The receptionist wears the expression of a intake officer at the county lockup. “Name! First name! Date of birth! When were you last here! Who did you see!” So right off we’re already enjoying each other’s company. I’m expecting the back room and the bullet-nosed flashlight at any moment.
And it got worse. The doc I saw was apparently not the one who wrote the ’script. That person works in another office. The robot spoke to her. She did not reply. Nevertheless, you were telephoned and informed that you must be seen before any drugs will be issued to you. You must see, you vill see Ze Doktor!
Um, no, Brunhilde. I couldn’t pick this ’script-writing phantom of whom you speak out of a lineup at gunpoint. I saw the dude, not her. Nobody ever called me or my wife — not him, her, or anyone else, including your robot. And no, I don’t need to be “seen,” what I need is some albuterol.
About this time someone in scrubs inserts her long and snoopy proboscis, like Brunhilde blessedly bereft of any glimmer of knowledge about the situation, and confirms that ja, ja, I must, I vill see Ze Doktor! Ve are only following orders! At no point, mind you, has either of these “health-care providers” apologized for inconveniencing a customer. I say “customer” rather than “patient,” because neither had either inquired about my actual health.
“Can you breathe? Sir, are you having an asthma attack? Your face seems to be swelling ominously and turning a fiery red. …”

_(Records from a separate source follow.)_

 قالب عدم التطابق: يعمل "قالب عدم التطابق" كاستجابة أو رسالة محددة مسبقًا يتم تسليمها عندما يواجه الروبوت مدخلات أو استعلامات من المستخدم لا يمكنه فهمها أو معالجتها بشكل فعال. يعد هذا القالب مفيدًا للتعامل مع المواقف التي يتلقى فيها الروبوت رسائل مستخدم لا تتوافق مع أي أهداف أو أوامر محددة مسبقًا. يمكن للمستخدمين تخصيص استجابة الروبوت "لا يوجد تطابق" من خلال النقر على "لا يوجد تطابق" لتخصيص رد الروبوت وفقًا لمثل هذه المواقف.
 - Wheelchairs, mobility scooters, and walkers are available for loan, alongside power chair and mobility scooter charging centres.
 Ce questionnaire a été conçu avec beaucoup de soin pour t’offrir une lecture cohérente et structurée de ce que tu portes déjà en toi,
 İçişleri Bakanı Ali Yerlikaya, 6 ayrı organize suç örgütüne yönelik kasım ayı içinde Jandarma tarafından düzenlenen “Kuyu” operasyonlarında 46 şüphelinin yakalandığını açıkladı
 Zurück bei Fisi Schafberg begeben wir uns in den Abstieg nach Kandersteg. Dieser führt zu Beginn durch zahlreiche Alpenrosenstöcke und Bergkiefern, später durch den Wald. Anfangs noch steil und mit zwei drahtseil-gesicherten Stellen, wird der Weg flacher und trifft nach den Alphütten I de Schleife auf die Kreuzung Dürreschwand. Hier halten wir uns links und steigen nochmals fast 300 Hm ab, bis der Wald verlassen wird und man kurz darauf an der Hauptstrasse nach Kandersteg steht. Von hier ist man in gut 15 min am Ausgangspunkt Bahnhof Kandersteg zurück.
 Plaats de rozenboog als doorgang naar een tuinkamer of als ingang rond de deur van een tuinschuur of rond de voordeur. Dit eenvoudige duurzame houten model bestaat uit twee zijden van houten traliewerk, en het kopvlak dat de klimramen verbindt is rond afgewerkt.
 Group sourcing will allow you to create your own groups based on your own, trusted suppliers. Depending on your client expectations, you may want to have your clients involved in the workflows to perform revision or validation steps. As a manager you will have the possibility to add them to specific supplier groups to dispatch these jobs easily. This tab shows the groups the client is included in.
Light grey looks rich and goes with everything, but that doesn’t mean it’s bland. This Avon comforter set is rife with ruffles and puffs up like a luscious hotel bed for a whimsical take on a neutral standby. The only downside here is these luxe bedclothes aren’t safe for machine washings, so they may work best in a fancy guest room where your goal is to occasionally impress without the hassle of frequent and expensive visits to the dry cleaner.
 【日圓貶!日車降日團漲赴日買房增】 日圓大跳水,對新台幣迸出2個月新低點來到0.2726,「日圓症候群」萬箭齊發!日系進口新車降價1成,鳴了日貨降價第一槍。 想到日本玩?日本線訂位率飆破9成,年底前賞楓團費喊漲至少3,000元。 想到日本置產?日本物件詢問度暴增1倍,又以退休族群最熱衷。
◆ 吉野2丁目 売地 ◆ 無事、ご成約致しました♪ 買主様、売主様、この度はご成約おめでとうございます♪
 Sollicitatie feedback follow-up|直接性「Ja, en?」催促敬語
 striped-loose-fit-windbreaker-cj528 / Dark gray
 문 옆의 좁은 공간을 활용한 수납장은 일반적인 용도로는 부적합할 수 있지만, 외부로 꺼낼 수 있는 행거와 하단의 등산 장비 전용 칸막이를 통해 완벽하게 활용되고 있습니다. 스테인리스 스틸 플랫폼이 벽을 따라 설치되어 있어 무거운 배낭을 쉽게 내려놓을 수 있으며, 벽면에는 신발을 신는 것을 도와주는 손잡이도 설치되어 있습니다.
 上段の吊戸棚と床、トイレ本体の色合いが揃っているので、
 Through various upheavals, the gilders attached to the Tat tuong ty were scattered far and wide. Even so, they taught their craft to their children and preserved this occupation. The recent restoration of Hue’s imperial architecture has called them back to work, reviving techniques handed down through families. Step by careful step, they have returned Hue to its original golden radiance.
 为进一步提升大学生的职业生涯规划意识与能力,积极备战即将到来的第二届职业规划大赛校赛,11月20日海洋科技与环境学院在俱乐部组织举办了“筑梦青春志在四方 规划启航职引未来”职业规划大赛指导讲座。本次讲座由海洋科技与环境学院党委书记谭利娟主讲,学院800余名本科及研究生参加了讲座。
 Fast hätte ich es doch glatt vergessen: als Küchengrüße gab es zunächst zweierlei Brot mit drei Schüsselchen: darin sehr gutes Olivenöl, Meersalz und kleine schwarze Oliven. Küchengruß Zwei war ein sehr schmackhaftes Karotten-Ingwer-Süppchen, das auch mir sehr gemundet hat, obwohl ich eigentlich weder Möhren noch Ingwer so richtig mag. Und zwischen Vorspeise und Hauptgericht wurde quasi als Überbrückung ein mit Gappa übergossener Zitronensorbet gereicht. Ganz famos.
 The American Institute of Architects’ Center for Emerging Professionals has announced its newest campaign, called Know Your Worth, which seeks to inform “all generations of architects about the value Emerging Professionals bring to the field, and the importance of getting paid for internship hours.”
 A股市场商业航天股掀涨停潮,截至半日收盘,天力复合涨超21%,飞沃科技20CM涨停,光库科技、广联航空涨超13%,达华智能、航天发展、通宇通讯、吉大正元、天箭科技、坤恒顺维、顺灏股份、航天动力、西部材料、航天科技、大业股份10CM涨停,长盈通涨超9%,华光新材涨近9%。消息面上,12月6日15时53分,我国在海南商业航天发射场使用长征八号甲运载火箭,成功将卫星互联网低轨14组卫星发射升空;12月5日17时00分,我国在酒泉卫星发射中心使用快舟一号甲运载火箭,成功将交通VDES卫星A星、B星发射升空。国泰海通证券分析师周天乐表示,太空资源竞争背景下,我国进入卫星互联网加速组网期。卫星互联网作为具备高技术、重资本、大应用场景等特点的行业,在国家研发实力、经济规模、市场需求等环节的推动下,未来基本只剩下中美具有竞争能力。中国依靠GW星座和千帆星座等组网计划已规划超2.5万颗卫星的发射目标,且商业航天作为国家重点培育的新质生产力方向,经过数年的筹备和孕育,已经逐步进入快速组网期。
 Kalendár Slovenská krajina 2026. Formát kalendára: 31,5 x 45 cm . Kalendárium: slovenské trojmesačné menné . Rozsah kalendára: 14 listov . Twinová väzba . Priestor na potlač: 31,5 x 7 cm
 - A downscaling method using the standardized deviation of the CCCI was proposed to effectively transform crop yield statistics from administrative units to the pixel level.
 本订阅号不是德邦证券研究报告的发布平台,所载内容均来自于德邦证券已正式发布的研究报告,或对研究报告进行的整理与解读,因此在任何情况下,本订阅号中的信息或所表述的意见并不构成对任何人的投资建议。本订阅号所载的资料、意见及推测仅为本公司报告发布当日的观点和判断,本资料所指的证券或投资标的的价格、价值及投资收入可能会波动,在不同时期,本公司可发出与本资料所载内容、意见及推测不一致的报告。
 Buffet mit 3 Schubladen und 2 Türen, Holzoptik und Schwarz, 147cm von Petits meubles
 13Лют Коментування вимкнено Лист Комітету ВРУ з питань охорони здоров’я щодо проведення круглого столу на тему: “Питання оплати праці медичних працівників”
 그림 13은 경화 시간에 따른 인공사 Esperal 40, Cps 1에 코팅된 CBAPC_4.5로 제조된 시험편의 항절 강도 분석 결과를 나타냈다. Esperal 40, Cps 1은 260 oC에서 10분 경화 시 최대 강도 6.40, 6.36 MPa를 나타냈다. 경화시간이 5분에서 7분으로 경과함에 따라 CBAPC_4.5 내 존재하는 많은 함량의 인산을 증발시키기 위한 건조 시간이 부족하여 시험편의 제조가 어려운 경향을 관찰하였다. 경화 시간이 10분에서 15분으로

And at that point I may have inquired whether my getting a simple prescription refill without physician intervention might free up Scrubby’s time for treating an actual sick person in dire need of her mad skillz, and she may have suggested that I seek my medical care elsewhere henceforth, and I may have praised her for providing the first sound medical advice I’d ever received from her organization, and proclaimed that I intended to take it straight away, while adding that under new ownership what once was a friendly neighborhood doctor’s office had become as penetrable as North Korea with the sort of customer service one expects from a pimply teenage malcontent stocking shelves at a K mart scheduled for closure and demolition.
Take a deep breath, you say? I got 17 more of ’em left in this inhaler.
The Martin Drake Power Plant, the downtown eyesore that Moses brought with him from Egypt, caught fire and had to be shut down. Not to worry — the coal-fired relic only supplies a third of Bibleburg’s power — and as you can see from the photo at top, the city has a backup in place.
Boy, I bet the City Council wishes they’d given a green light (ho ho ho) to recreational-marijuana sales now. They’d have enough sales-tax revenue to build a solar array, six wind farms and a nuclear plant.
I can already see the slogan: “Puffin’ for Power: Get Lit And Stay Lit.”
My main racing bike from back in the day, a Steelman Eurocross, slightly the worse for wear after two hours of dusty trail.
It was Ride the Neglected Bike Day again today. And I must declare myself a shameless hypocrite.
For years I’ve inveighed against gram-counters, contending that a strong black cup of coffee and a productive few minutes in the reading room pre-ride is immeasurably preferable to flushing a fat wad of coarse notes down the loo of the latest and greatest bike-lightening comosellama.
Well, yesterday I spent two hours aboard the Salsa Vaya on the mean streets, bike paths and bumpy byways of Bibleburg, and today I did likewise astride one of my old racing bikes, a Steelman Cycles Eurocross.
And whaddaya know? I felt considerably friskier on the elderly ‘cross bike than I did on the young gravel grinder.
Let’s go to the tale of the tape, shall we?
The Salsa Vaya tips the scales at 28.9 pounds.
The Steelman Eurocross weighs in at 22 pounds.
Hm. A 6.9-pound dump is not out of the question, depending upon what was had for dinner. But it seems unlikely.
So for the moment I’m forced to declare myself full of shit.